17 mars 2011 Article publié dans L'Action Française 2000
Accusées de faire la pluie et le beau temps sur les marchés
financiers, où elles influencent les taux d'emprunt, les agences de
notation demeurent dans le collimateur des politiques. Mais les
responsabilités sont partagées.
L'horizon semble loin de se dégager pour la Grèce. Le
7 mars, Moody's a dégradé de trois crans sa notation
souveraine, suscitant la colère d'Athènes. Paris est lui aussi monté au
créneau : les agences « ne devraient pas noter des
pays qui sont sous contrat avec la Commission européenne, le FMI et la
BCE », a déclaré Christine Lagarde à l'antenne de France
Culture (Les Échos, 11/03/2011).
Fourvoiement
Le ministre de l'Économie va-t-il ouvrir des discussions en
conséquence ? Le cas échéant, souhaitons-lui bon
courage : cela supposerait, vraisemblablement, de réviser la
constitution américaine – dont le premier amendement garantit la
liberté d'expression –, à défaut d'empêcher la circulation des
informations de part et d'autre de l'Atlantique. Vaste programme, à
l'aune duquel on mesure la démagogie du propos. Les responsables
politiques sont coutumiers de ces fourvoiements volontaristes, grâce
auxquels ils flattent peut-être l'opinion, mais entretiennent aussi le
fatalisme ambiant, en revendiquant paradoxalement leur impuissance.

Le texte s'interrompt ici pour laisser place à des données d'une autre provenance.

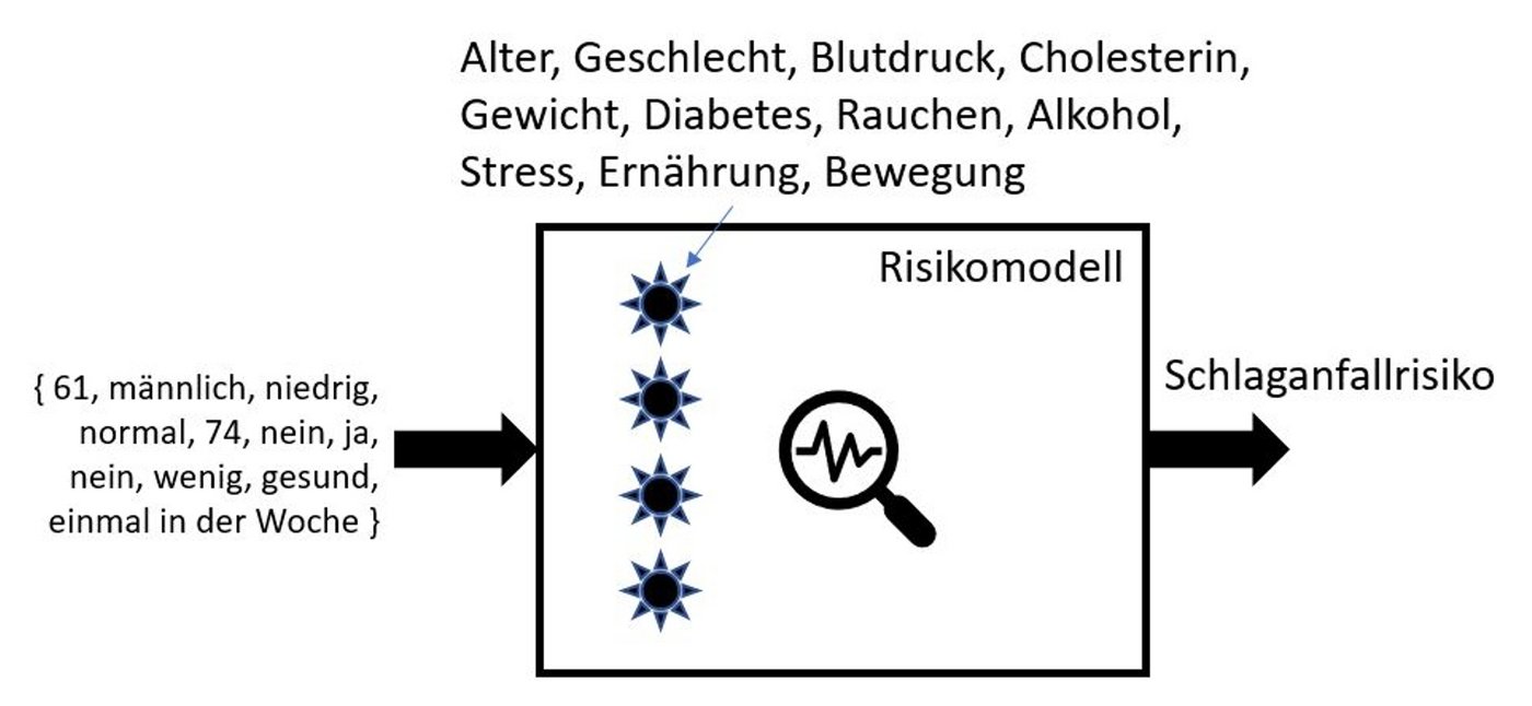 Um ein Risikomodell an einem greifbaren Beispiel zu erklären, nachfolgend das von einem medizinischen Laien (mir) entworfene Modell zur Bestimmung des Schlaganfallrisikos: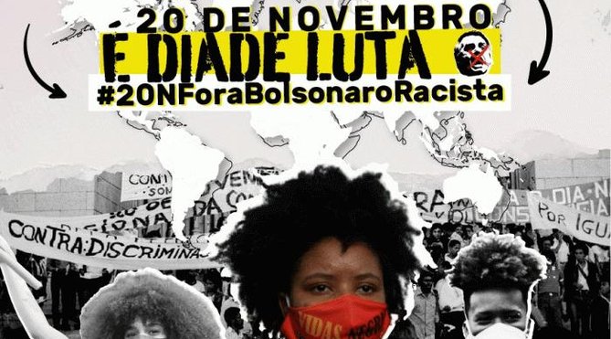 Além das ruas, os protestos serão feitos também nas redes sociais com a hashtag #20NForaBolsonaroRacista.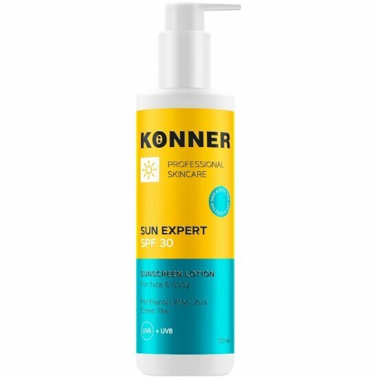 KONNER Крем от загара, SUN EXPERT SPF 30, солнцезащитный, увлажняющий с алоэ вера и пантенолом, для лица и тела, защитный крем от солнца, 150 мл интересное:

Les agences de notation ont certes prêté le flanc à la
critique. Comme le rappelle Jean-Pierre Jouyet, président de l'Autorité
des marchés financiers (AMF), elles se sont montrées « parfois
dépassées par la complexité des produits qu'il leur était demandé de
noter » – tels les CPDO (Constant Proportion Debt
Obligation), élaborés à partir des couvertures de
défaillance (CDS), dont la valeur s'est effondrée avec la crise en
dépit du "triple A" qui leur avait été attribué (Cahiers
de l'évaluation, n° 5, février 2011). Norbert
Gaillard, consultant pour la Banque mondiale, pointe, quant à lui,
l'erreur « d'avoir surnoté la Grèce et, dans une moindre
mesure, le Portugal et l'Espagne au cours des années 2000, c'est-à-dire
lors des premières années d'existence de la zone euro » –
comme si la monnaie unique avait dissipé tout risque de défaut de
paiement. « Entre 1999 et 2003, Fitch et S&P ont
relevé la note de la Grèce de trois et quatre crans sans qu'il y ait de
véritables justifications économiques ou financières. [...]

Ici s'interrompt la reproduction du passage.